Robotics and Intelligent Machines
Multicopters have a wide range of applications from surveillance to package delivery and medical support. Although growing in popularity, they are not used yet on an industrial scale for safety reasons. The goal of Safecopter is to develop a modular collision detection and avoidance system that would make flying a multicopter in autonomous or tele-operated mode completely safe and responsive to the changing environment. Integrating an array of time of flight 3D cameras, the algorithm uses coordinate transformations to convert the point clouds provided by each camera into one main one, creating a 360° snapshot of the environment within a six meter radius. The challenge is to develop an algorithm fast enough to provide collision avoidance decisions in real time. Based on the research of multiple collision detection algorithms, the octree spatial partitioning system proved to be the most efficient. In comparison to the point cloud based algorithm, it was more than 320 times faster.
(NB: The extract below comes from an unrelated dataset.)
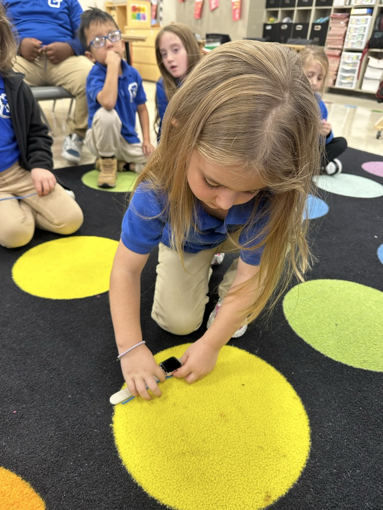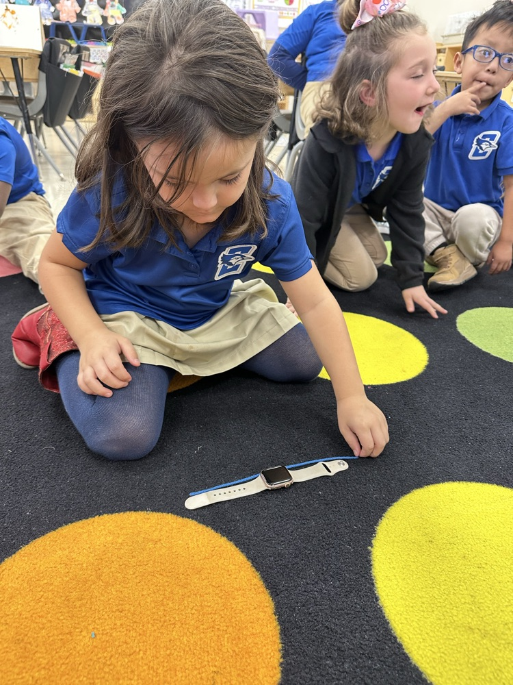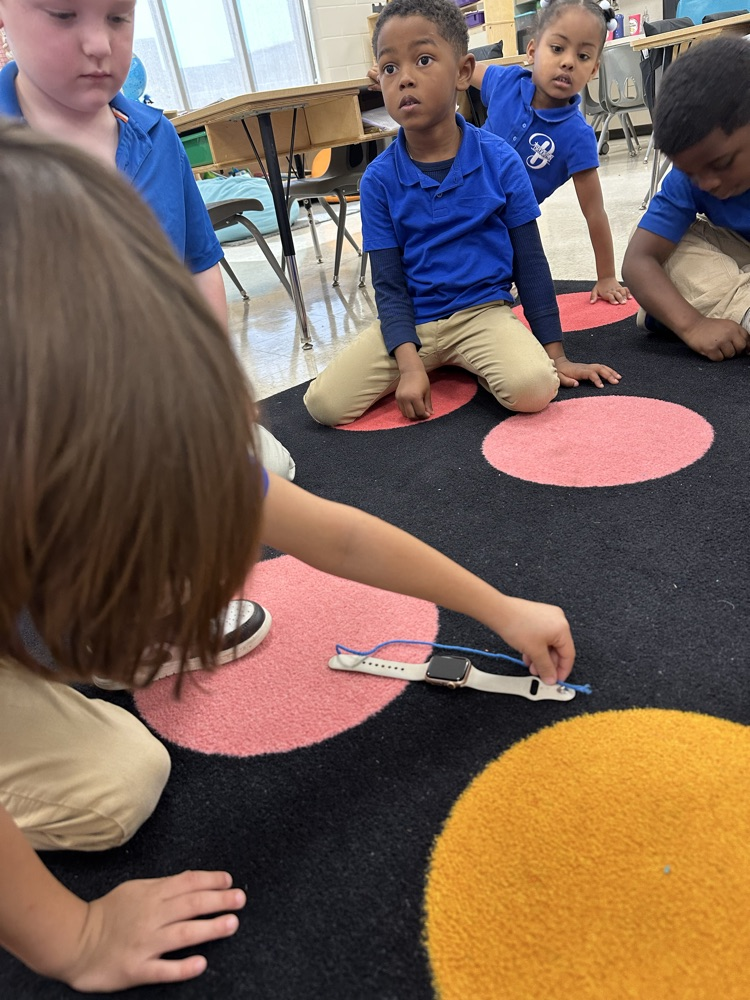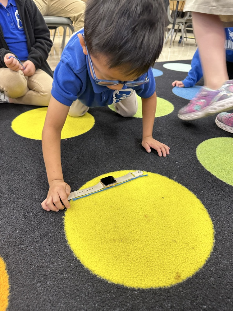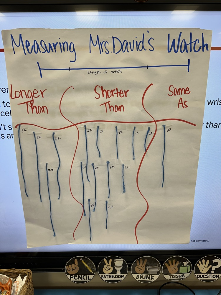 Mrs. David and Ms. Addie’s friends explored measurement today! They estimated how long a piece of yarn would need to be to match the length of a watch, then compared to see if their yarn was longer than, shorter than, or the same as. We even had some extra fun measuring each other!

Developed in C++, the algorithm was able to achieve this level of performance by organizing the data into tree-like hierarchies and performing binary operations. A key element of developing an advanced collision avoidance algorithm is the ability to simulate complex indoor and outdoor environments. Safecopter was modeled in 3D and, using the Gazebo physics simulator, different scenarios were tested, without running the risk of causing an expensive crash. Based on the testing performed, the system can reliably detect and avoid collisions in real time and route the multicopter to a collision free path in order to reach a specific motion goal.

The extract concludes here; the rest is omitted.